Мне рассказывал Костя САМ, как он рисовал в ЦКПиО на фестивале, и к нему подходили люди, просили дать им порисовать. Он им говорил: «Вот баллончик, вот стена, рисуйте». А они просто стояли и не знали, что рисовать. Для меня это потрясением было — людям дают свободу самовыражения, способ высказывания, говорят, как это сделать, а они настолько в себе замкнуты, настолько не развито их самосознание, что они не могут ничего сказать.
— Может, их сама ситуация, сама стена пугает?
— Чистая стена, как и чистый лист, пугает, конечно. Но до этого я имел опыт рисования с детьми: даешь им баллончик, они всегда знают, что написать. А тут взрослому человеку даешь баллон, а он не знает, что им написать или нарисовать. Он не может ничего сказать, даже ничего плохого. Он чувствует ответственность.
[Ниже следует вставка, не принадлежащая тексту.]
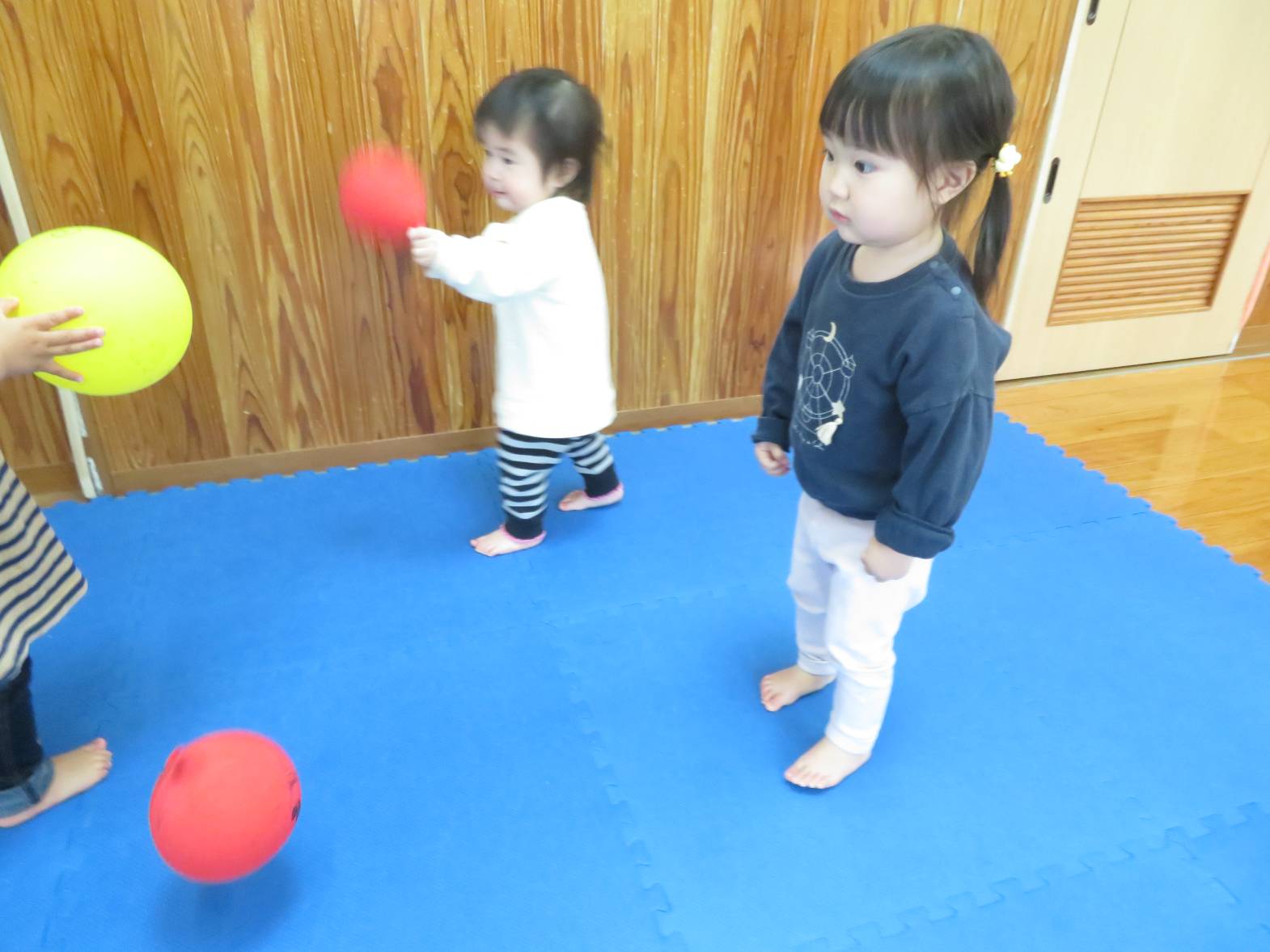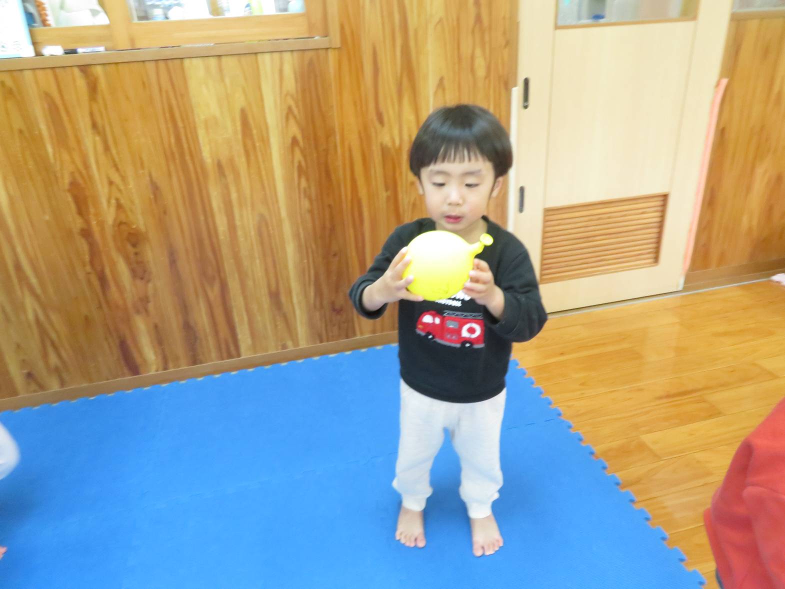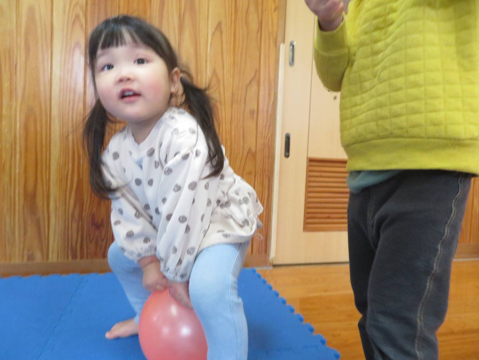 風船遊びを行いました。 風船を手に取ると、「ポーン!」と高く投げてみたり、友だちと見せ合ったりして楽しむ子どもたち! また、風船を投げ、キャッチすることができると、「見てみて~!」と喜ぶ姿が見られました。 友だちと一緒に遊ぶ姿も増え、「一緒に遊ぼう!」と誘ったり、「こうやって遊ぶんだよ!」と優しくかかわったりすることができるこあら組さん! こあら組も残りわずかですが、たくさんの思い出を作っていきたいと思います♪

— Да. Разве это не по-взрослому?
— Да, просто меня поразило, как люди не готовы к этой ответственности.
— Может, это нормально. Мы же не с психотерапией имеем дело. Ответственность за свои слова – это неплохо. Думаю, я бы тоже в ступор впала.
— Люди думают, что если написал на стене, это никуда не денется, поэтому люди стоят и думают, что же такое написать. Надо что-то хорошее написать, нарисовать, а это оказывается сложно. Это я к тому, как вообще может развиваться уличная культура в такой среде, когда люди даже свое имя на стене боятся написать, потому что оно здесь останется. Хотя, вот с именами как раз ситуация у нас противоположная. Но дальше имени или слова из трех букв дело все равно не уходит.
— Тогда тот, кто решается, оказывается в ситуации, где этот его жест, его рисование на улице, что-то значит и для других. Если бы все так легко могли подходить к стенам и рисовать, то эти действия меньше бы значили.
— Возможно. Но чем шире этот круг потенциальных высказывателей, уличных ораторов, тем больше шансов, что один из них, пусть один из ста, сделает что-то действительно стоящее.
Метки: интервью, стрит-арт
22 ноября, 2011 в 12:13
Интересное интервью.
Вопросы — почти что майевтика Сократа )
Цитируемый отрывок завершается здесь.